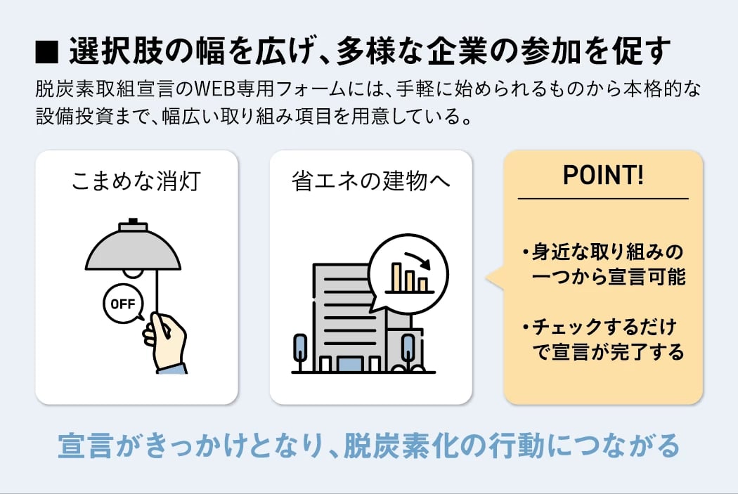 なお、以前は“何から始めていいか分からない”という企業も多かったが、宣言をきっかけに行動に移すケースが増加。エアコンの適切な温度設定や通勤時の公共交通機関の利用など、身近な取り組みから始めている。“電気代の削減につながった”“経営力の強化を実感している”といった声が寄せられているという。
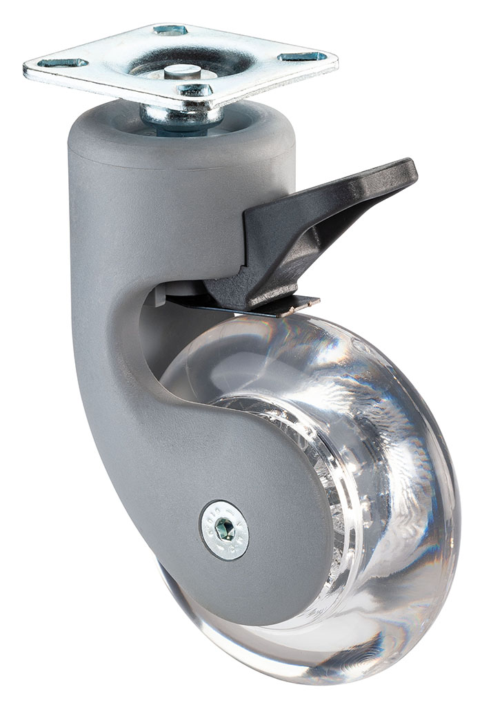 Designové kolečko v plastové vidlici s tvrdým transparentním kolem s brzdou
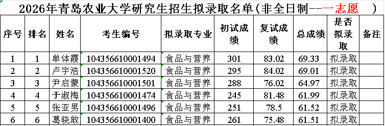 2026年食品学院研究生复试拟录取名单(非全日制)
******************************
■ INSTRUCTIONS FOR THE TASK
In the copy, include no pictures; everything else in the material should be written out exactly.

■ TASK RESPONSE
 なお、以前は“何から始めていいか分からない”という企業も多かったが、宣言をきっかけに行動に移すケースが増加。エアコンの適切な温度設定や通勤時の公共交通機関の利用など、身近な取り組みから始めている。“電気代の削減につながった”“経営力の強化を実感している”といった声が寄せられているという。
 Designové kolečko v plastové vidlici s tvrdým transparentním kolem s brzdou
 2026年食品学院研究生复试拟录取名单(非全日制)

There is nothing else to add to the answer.